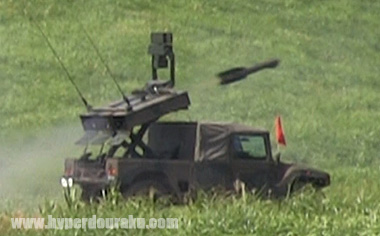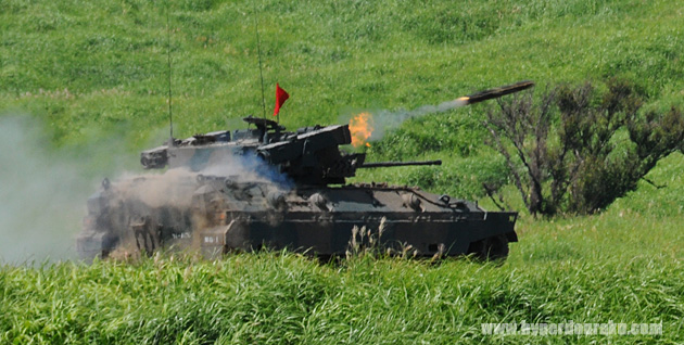 89式装甲戦闘車の79式対舟艇対戦車誘導弾発射装置、通称「重MAT」の射撃。これは赤外線による有線誘導方式。
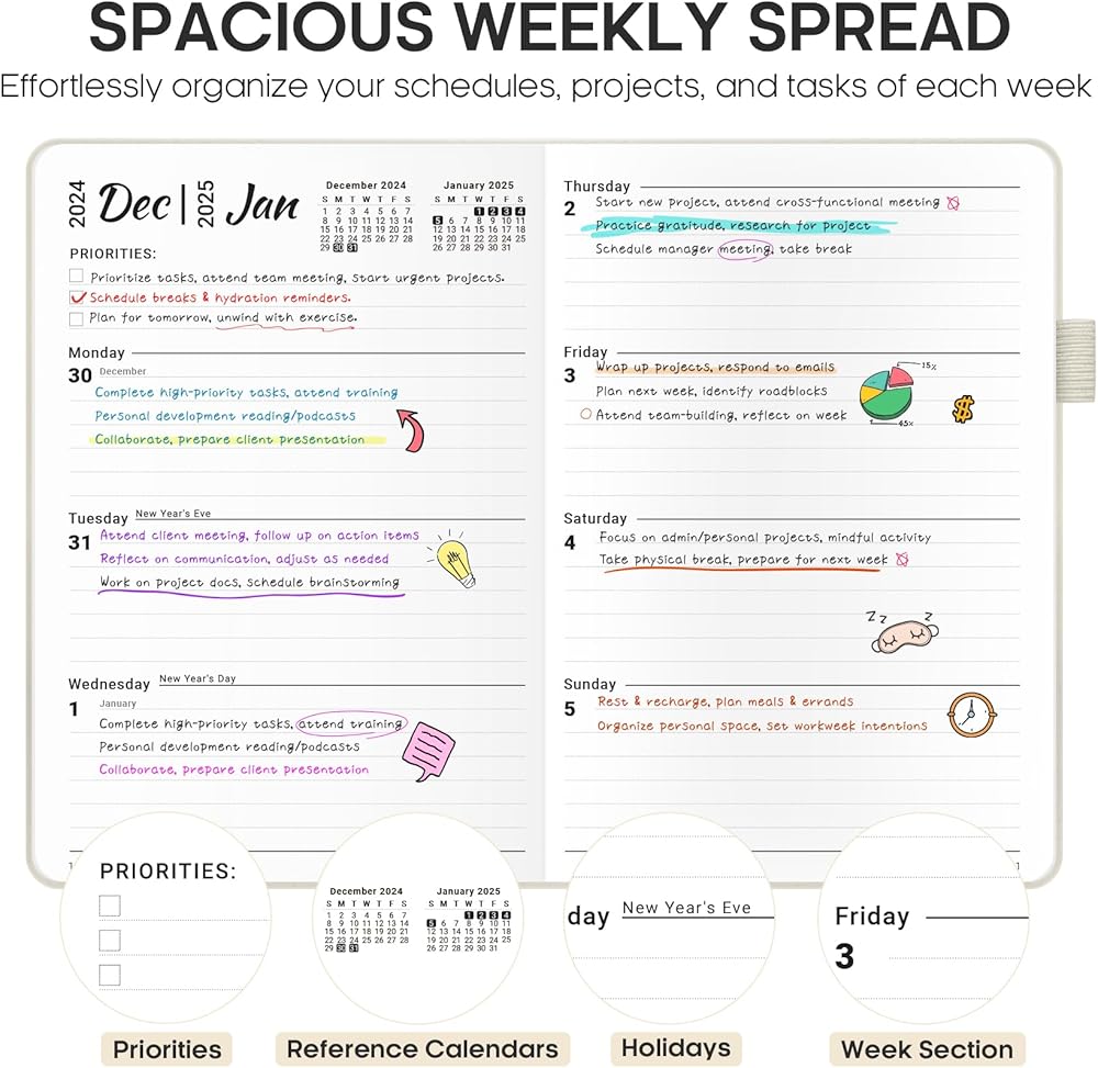 Versatile for All: Perfect for students, teachers, professionals, and homemakers alike, this 2025 planner meets the diverse needs of any busy individual. Use it to manage school assignments, work projects, family events, and personal goals—all in one convenient place.
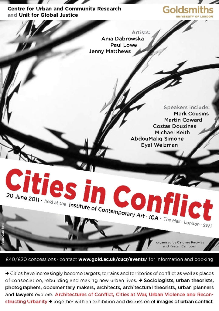 This conference explores these questions by bringing together sociologists, urban theorists, photographers, documentary makers, architects, architectural theorists, urban planners, and lawyers to explore four panel themes: Architectures of Conflict, Cities at War, Urban Violences, and Reconstructing Urbanity, together with an exhibition and roundtable discussion of images of cities in conflict.
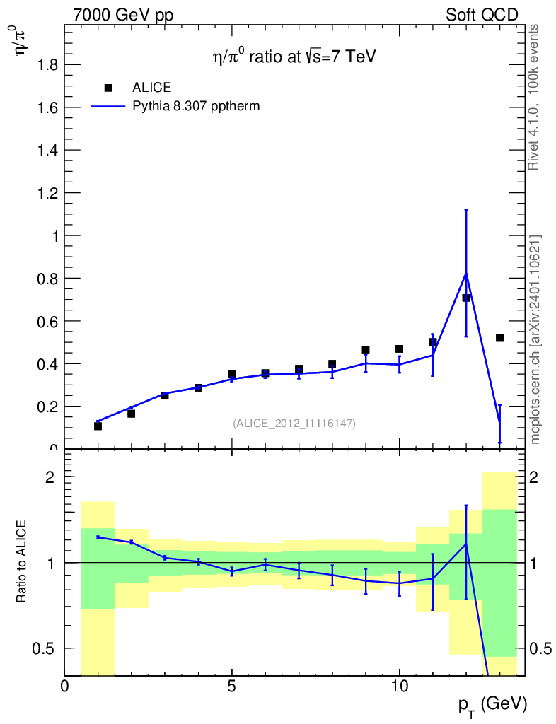Lines: data, pythia8 8.307 pptherm |
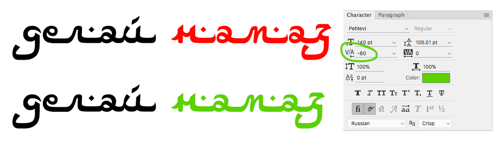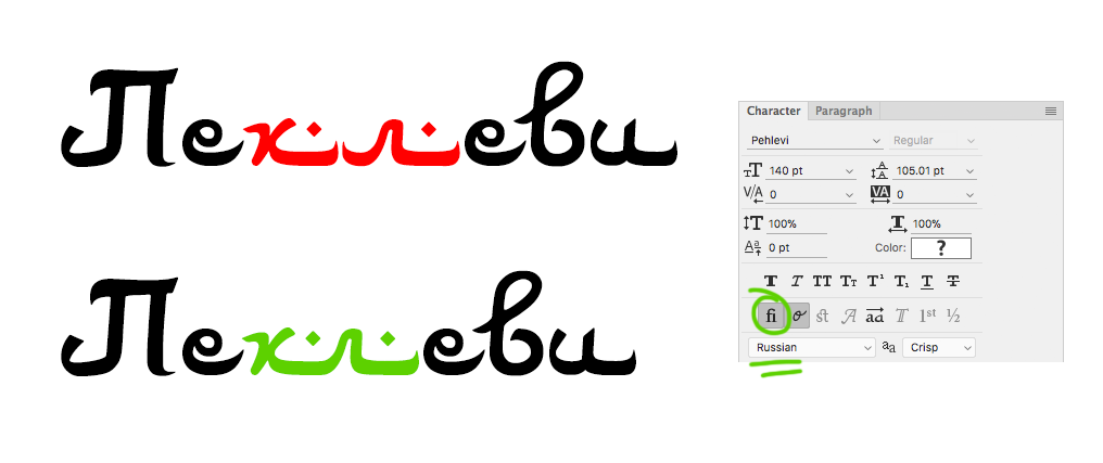 В шрифте предусмотрено множество лигатур. Для их активации выберите специальную опцию в окне Character программы Photoshop, а также укажите русский язык.
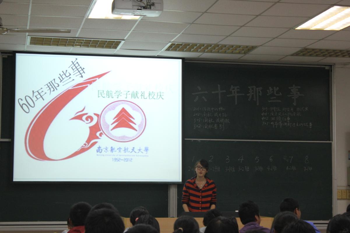在开学初的第一次年级大会上,91AV 2012级所有学生观看了南航发展六十年的视频,视频生动再现了南航的历史与积淀,也让新生对南航,对这个即将生活四年的地方有了直观的认识。同时,年级大会上辅导员也以南航六十年发展轨迹为线索,结合2012级新生的成长脚步,以“南航——成就梦想的地方”为题向大家讲述了梦想的南航,让新生与南航建立了新的链接,有了更加感性的认识。为了让各位同学尽快的适应大学的学习生活,了解南航,在新生军训期间,学导们也深入到宿舍中,介绍南航,向同学介绍他们眼中的南航,他们在南航遇到的人、发生的事,逐渐增加了同学们对了解南航历史的兴趣。建立了理性与感性的认识之后,年级建立了自主学习网络平台,在人人网、年级微博上对校史知识进行介绍,同学们通过浏览网页和留言互动,进一步加深了对校史知识的掌握。
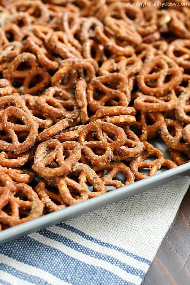 If you were to whip up a batch of these for a party, you would get rave reviews from your guests. Each small pretzel packs big taste and you won’t be able to stop noshing on them!
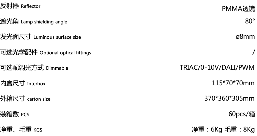 本系列产品具有多种规格可选模组透镜经特殊的光学处理,搭配防眩圈,防眩效果出色
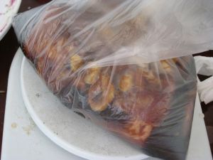 把肉装到一个保鲜袋里,倒入腌肉酱汁,密封起来,放入冰箱冷藏腌制1天。
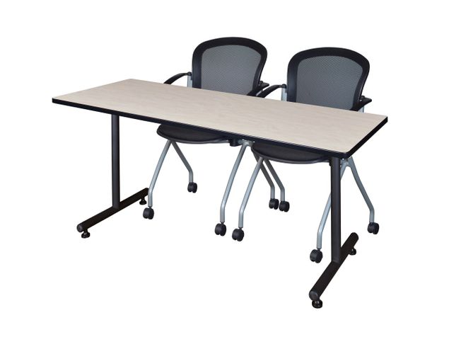66 x 24 in. T-Base Training Seminar Table- Maple, 2 Nesting Chairs
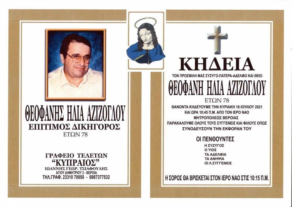 Απεβίωσε σε ηλικία 78 ετών ο επίτιμος δικηγόρος Θεοφάνης Ηλία Αζίζογλου. Η κηδεία του θα γίνει την Κυριακή 18 Ιουλίου στις 10.45πμ, στον Ιερό Ναό Μητροπόλεως, στην Βέροια.
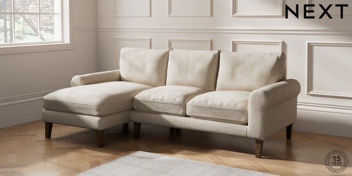 6.12.1 Buy Palermo Relaxed Sit Medium Sofa Chaise - Left Hand Chunky Weave Mid Natural Tapered - Mid from the Next UK online shop Click here to use our accessible website
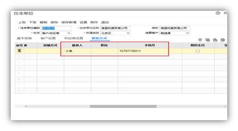 1.在【基础设置】-【往来单位】-【联系方式】界面设置【联系人】和【手机号】
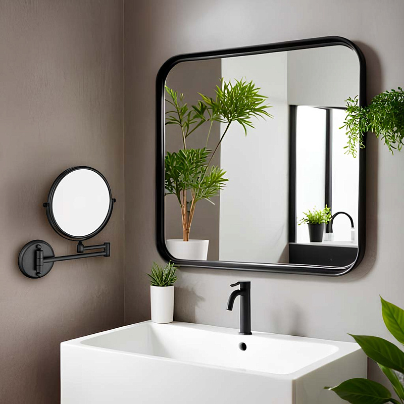—Косметическое зеркало Azario ALTRE Ø150 мм, подвесное, черный матовый (AZ-211В-6)
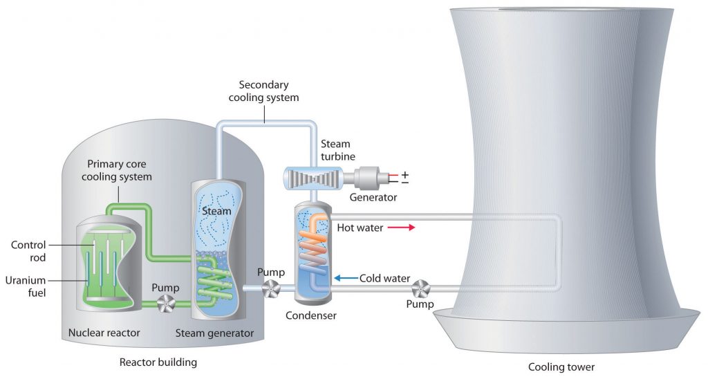 Figure 2.22 A Light-Water Nuclear Fission Reactor for the Production of Electric Power. The fuel rods are made of a corrosion-resistant alloy that encases the partially enriched uranium fuel; controlled fission of 235U in the fuel produces heat. Water surrounds the fuel rods and moderates the kinetic energy of the neutrons, slowing them to increase the probability that they will induce fission. Control rods that contain elements such as boron, cadmium, or hafnium, which are very effective at absorbing neutrons, are used to control the rate of the fission reaction. A heat exchanger is used to boil water in a secondary cooling system, creating steam to drive the turbine and produce electricity. The large hyperbolic cooling tower, which is the most visible portion of the facility, condenses the steam in the secondary cooling circuit; it is often located at some distance from the actual reactor.
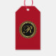 Pressa upp paket och party favors med en märkre av medalongåva med elegant i monogram. Här i ett djupt rött läge kan du ändra bakgrunden färg till vilket annat färg som helst genom att markera "anpassa den" och välja ett annat färg. Lägg till ditt monogram genom att ersätta det provmonogram som visas i designmallen. Du kan centrera om monogrammet om det behövs, och du har valt alternativet "anpassa det". Den omvända sidan av presentens märkre har lämnats tom för din handskrivna anteckning, eller så kan du skriva text på baksidan som du vill.
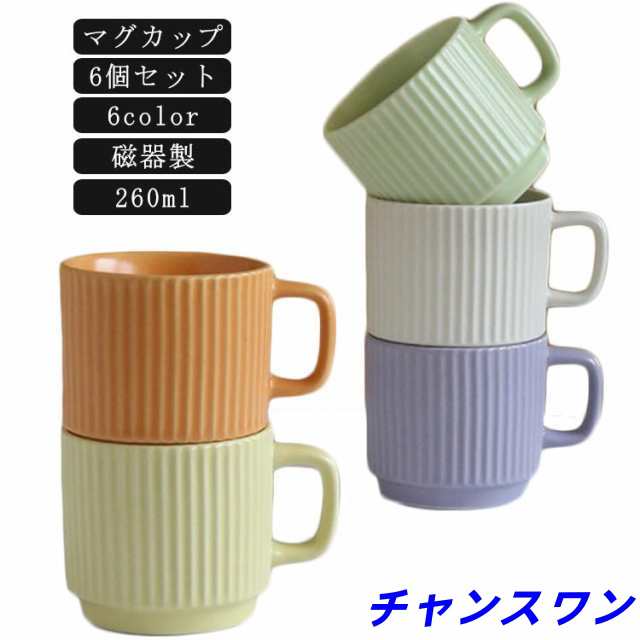 | 【6個セット】【260ml】【マグカップ】【磁器製】【6color】 手に馴染むフォルムと優しい色合いのシンプルなマグカップ。 容量は日常的に使用しやすい260ml。 【おすすめ用途】コーヒー・紅茶・ジュース・お茶 陶器製で電子レンジ・食洗器も対応可能です。 結婚祝いや引越祝い・新築祝い、誕生日プレゼントなどのギフトにおすすめ | |
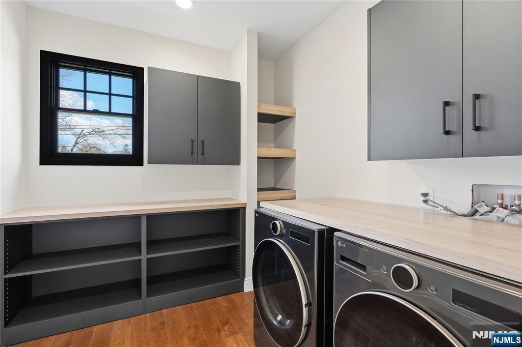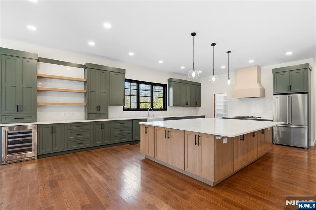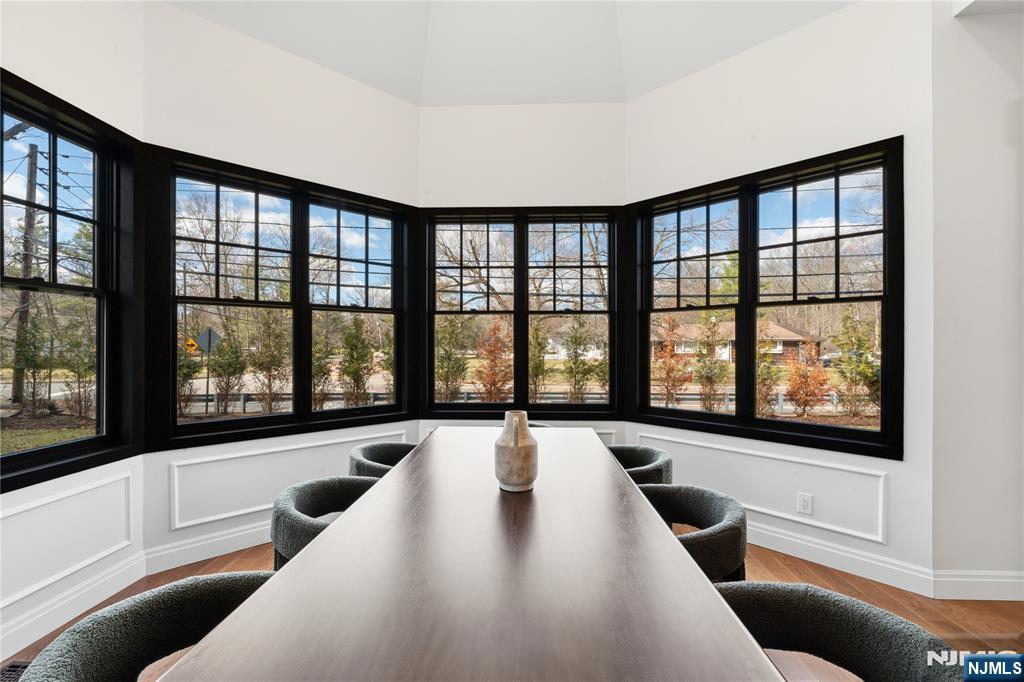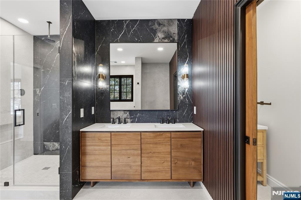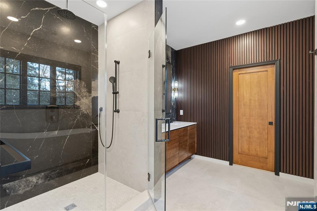 Set in the heart of River Vale, New Jersey, 803 Marshall Road presents a one-of-a-kind new construction defined by bold design and elevated craftsmanship. From the moment you arrive, the home impresses with striking curb appeal and a thoughtfully designed exterior. Inside, white oak flooring and abundant natural light complement soaring 10-foot ceilings and an open, airy layout. The chef-inspired kitchen features a quartzite island, high-end appliances, a spacious pantry, and refined finishes. A rotunda-style dining area offers sunset views, while a 25-foot sliding glass door creates seamless indoor-outdoor living, opening to an expansive deck. The main level includes a bedroom, office, and two full bathrooms, offering flexible living options. Upstairs, the primary suite features coffered ceilings, a custom walk-in closet, and a spa-like bathroom. Three additional en-suite bedrooms and a bonus room provide versatility for a variety of uses. The lower level offers approximately 2,500 sq ft with high ceilings, ready to be customized. Conveniently located near parks, shopping, and transportation, this home offers a rare opportunity in Bergen County.

+---+

TASK PROMPT ▸
From the first line of the material down to the line containing "Versatile for All: Perfect", inclusive, return each line exactly, skipping any picture.

ANSWER ▸
 89式装甲戦闘車の79式対舟艇対戦車誘導弾発射装置、通称「重MAT」の射撃。これは赤外線による有線誘導方式。
 Versatile for All: Perfect for students, teachers, professionals, and homemakers alike, this 2025 planner meets the diverse needs of any busy individual. Use it to manage school assignments, work projects, family events, and personal goals—all in one convenient place.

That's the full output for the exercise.